This is only a partial answer, mainly to add some observations which haven't been recorded but which don't fit neatly in comments.

General lemma

A vertex $v$ with $m$ edges will be labelled with a value at most $m$.

Proof: suppose the contrary. Then $v$ is labelled with a value greater than $m$, so its adjacent vertices must include among their labels all values from $0$ to $m$, so there must be at least $m+1$ adjacent vertices. But $v$ only has $m$ edges.


If a vertex $v$ has $m$ edges, we can attach to the graph a vertex $u$ with label $(m+1)$ and the edge $(u, v)$. This does not affect the game-theoretic value of the position.

Proof: we were never going to label $v$ with a value of $(m+1)$ or greater, so $u$ is irrelevant to the labelling of $v$. And since it has no edges to any other vertex, it is irrelevant to the labelling of every other vertex.

Corollary for path graphs

Instead of adding additional vertices at the ends with label $-1$, as in hardmath's answer, we can add additional vertices at the ends with label $2$.

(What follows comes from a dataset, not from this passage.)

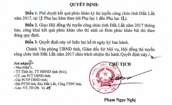 Chủ tịch UBND tỉnh đã ký kuyết định phê duyệt kết quả phúc khảo kỳ thi công chức tỉnh năm 2017.

Note that this shows directly that path(A,-1,K) should have the same value as path(A,2,K), and there must be something wrong with his table. I get a table with a few disagreements:

(A,C)\K =  1 |  2 |  3 |  4 |  5 |  6 |  7 |  8 |  9 |...even | odd |
( 0, 0) :  W :  W :  W :  W :  W :  W :  W :  W :  L :...  W  |  L  |
( 1, 0) :  L :  W :  L :  W :  L :  W :  L :  W :  L :...  W  |  L  |
( 2, 0) :  W :  W :  W :  W :  W :  W :  L :  W :  L :...  W  |  L  |
( 1, 1) :  L :  W :  L :  W :  L :  W :  L :  W :  L :...  W  |  L  |
( 2, 1) :  L :  W :  L :  W :  L :  W :  L :  W :  L :...  W  |  L  |
( 2, 2) :  L :  L :  W :  L :  L :  L :  L :  W :  L :...  W  |  L  |

I do agree that it seems that for $n > 7$ all single-path positions are a win if there are an even number of unlabelled vertices, and a loss if there are an odd number. I suspect that it may be possible to prove this by induction with a sufficiently strong inductive hypothesis. A sketch of the inductive step:

  • If $n$ is even and greater than 8, path(A,C,n) reduces in one step to path([A=0],C,n-1) (using Iverson notation), which is a losing (P) position. Therefore path(A,C,n) is a winning (N) position.
  • If $n$ is odd and greater than 8, a play at one of the ends of the path reduces it to a winning position path([A=0],C,n-1) or path(A,[C=0],n-1). Therefore if we want to find a losing position for our opponent, we must split into two paths as path(A,0,i) + path(0,C,n-1-i) for some $1\le i\le n-2$. We now have a further case-split:

    • $i$ is odd, and one or both of the paths is a special-case winning position for small odd $K$.
    • $i$ is odd and we hand our opponent a sum of two losing odd paths.
    • $i$ is even and we hand our opponent a sum of two winning even paths.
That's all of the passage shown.